代々木公園の一角でサッカーなどの多目的スタジアムの整備を目指すプロジェクト「代々木スタジアム」構想が9月13日、明らかになった。
産官学民連携で4月に設立された渋谷区の外郭団体「渋谷未来デザイン」が、川淵三郎・日本トップリーグ連携機構会長らをパネリストに招いて開いたトークプログラム内で発表した。プログラムは、渋谷区の多様な未来を考える目的で同7日に始まった複合カンファレンスイベント「SOCIAL INNOVATION WEEK SHIBUYA(以下SIW)2018」の一環。
構想では、NHK放送センターに隣接し、ケヤキ並木や野外ステージ周辺でイベントが開かれることも多い代々木公園B地区に、約3~4万人を収容し、コンサートなども開ける屋根付きのスタジアムの建設を目指す。

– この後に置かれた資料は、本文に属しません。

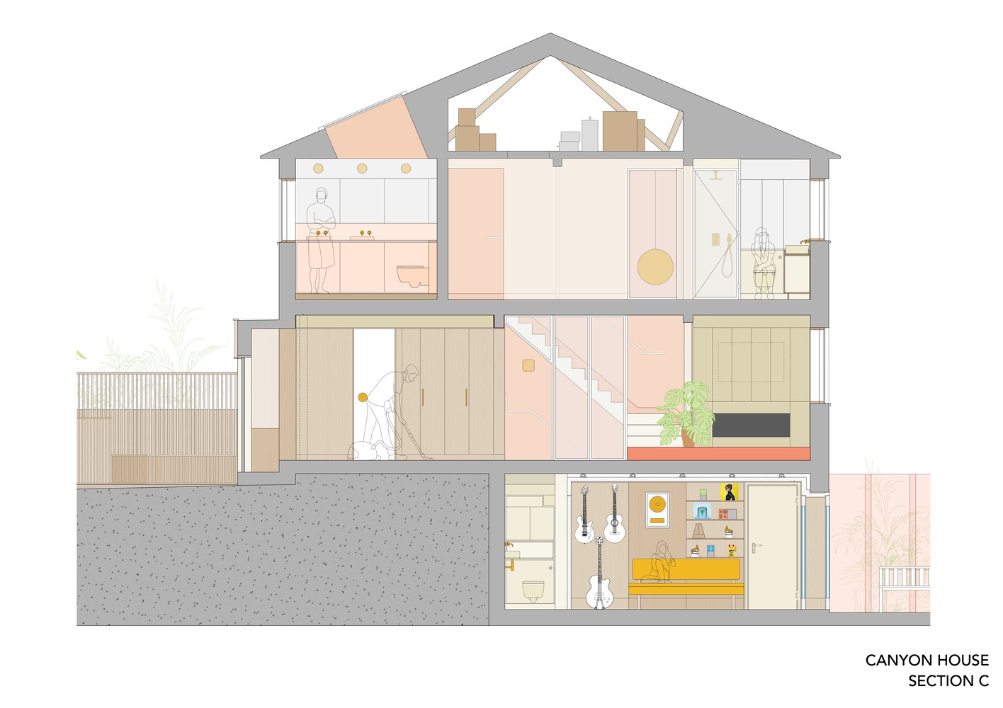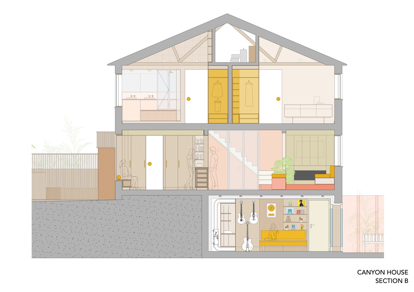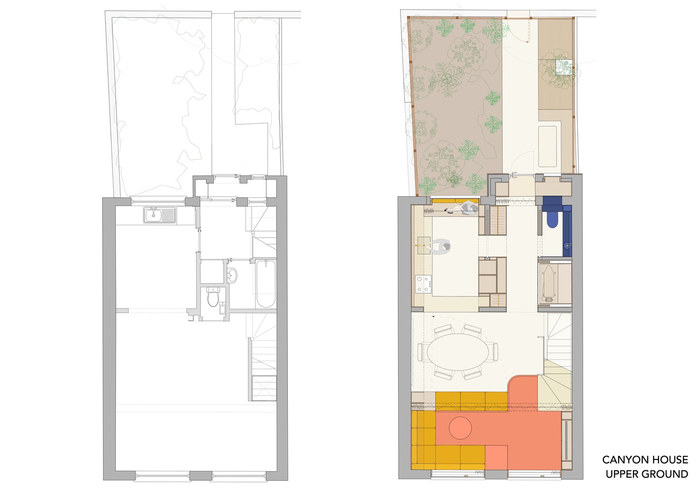 Studio Hagen Hall has transformed a North London townhouse-turned-bedsit into a bright and textural 1970’s California-inspired home complete with a recording studio for a young musical couple. Recording artists Ben Garrett and Rae Morris fell in love with the bones, location, and well-established garden of the townhouse and immediately sought the expertise of Studio Hagen Hall after discovering their work online. Iconic architecture has played a key role in the brief. The clients drew on themes and designs from the Eames House and the work of modernist architect John Lautner. The brief envisioned Canyon House as a home with a feel-good 1970’s atmosphere and a space that would be flexible to suit both intimate and sociable occasions, with strong visual connections throughout.

スタジアム名称を「スクランブルスタジアム」とし、多様な価値観を持った人々や情熱が交わり広がっていく「スクランブルパッション」をコンセプトに掲げる。
サッカーを中心とするプロスポーツのスタジアム機能に加え、音楽・ファッション・アートなど大規模なイベント興行やプレーグラウンドなどの公共空間としても機能。災害時の受け入れにも対応する多目的拠点として、地域に開かれた「スタジアムパーク」を提案する。既存の自然環境を残しながら、スタジアム外にはパブリックビューイングスペースなどの整備も想定している。
この日、パネリストとして登壇した川淵会長は、Jリーグ発足当初、整備が遅れていた国内のスタジアム環境について振り返りつつ、「どうしても23区内にサッカー場を、と25年間ずっと思ってきた。民間から話が出て心からうれしく思う」と構想を歓迎。「海外ではスタジアムそのものが商店街になっている例もたくさんある」と各国のスタジアム周辺の消費動向についても触れ、「VIPルームを作ることで災害時にも活用できる」と、具体的な要望も明かした。
川淵会長と現在、エンターテインメントとスポーツでタッグを組む新たなプロジェクトも計画しているという大手音楽プロモーター、ディスクガレージの中西建夫会長は「日本のスポーツ産業は海外に大きく差を付けられている。使う側に立って、どう運用し理想型をつくれるか。渋谷の街に(スタジアムが)できることで、今後いろいろなケースの試金石になる」と期待を寄せた。
サッカー元日本代表の福西崇史選手は「選手としてサポーターがたくさんいると力が出る」と、観客動員数が選手の「士気」にも影響すると選手からの視点からコメント。川淵会長も「良いスタジアムができたら多くの人が入る。観客動員数が全て」と語気を強め、アクセスの良さについて、プロジェクトリーダーで渋谷未来デザイン理事の金山淳吾さんも「渋谷、原宿、代々木公園、参宮橋と代々木公園周辺には4つの駅があり交通の便もいい」と構想の特長を挙げた。
「今の子どもに夢がないのは当たり前。大人が夢を見せれば夢は見られる」と、教育の観点からスタジアム構想を評価したのは、「ビリギャル」などの著書でも知られる、学習塾「坪田塾」塾長の坪田信貴さん。「ジョン・F・ケネディは根拠のないところから月面着陸を実現させた」と、夢のある計画が「渋谷を憧れが生まれるまちにする」と力説。
渋谷未来デザインの一員として「フューチャーデザイナー」も務めるロフトワーク(道玄坂1)の林千晶代表取締役は「1年前に代々木公園にこども園ができた。先生の一人から、代々木公園に来る大道芸人やビジネスマンもみんなで『先生』になれば良いという話を聞いた」というエピソードに触れ、「みんなが関われるものに。都民みんなが経営者に」と、市民が主体になりつくり上げていく構想を提案した。
この日公開されたスタジアムのイメージ画像は、東京都が政策の推進や政策形成などに新たな発想を取り入れるため新進気鋭の若手と意見交換を行う「東京未来ビジョン懇談会」にも参加する建築家・田根剛さんが手掛けた。金山さんによると、今後、年内と年明けにもディスカッションを予定し、2020年東京オリンピック・パラリンピック終了後、2030年までに民間発のスタジアム構想実現を目指す。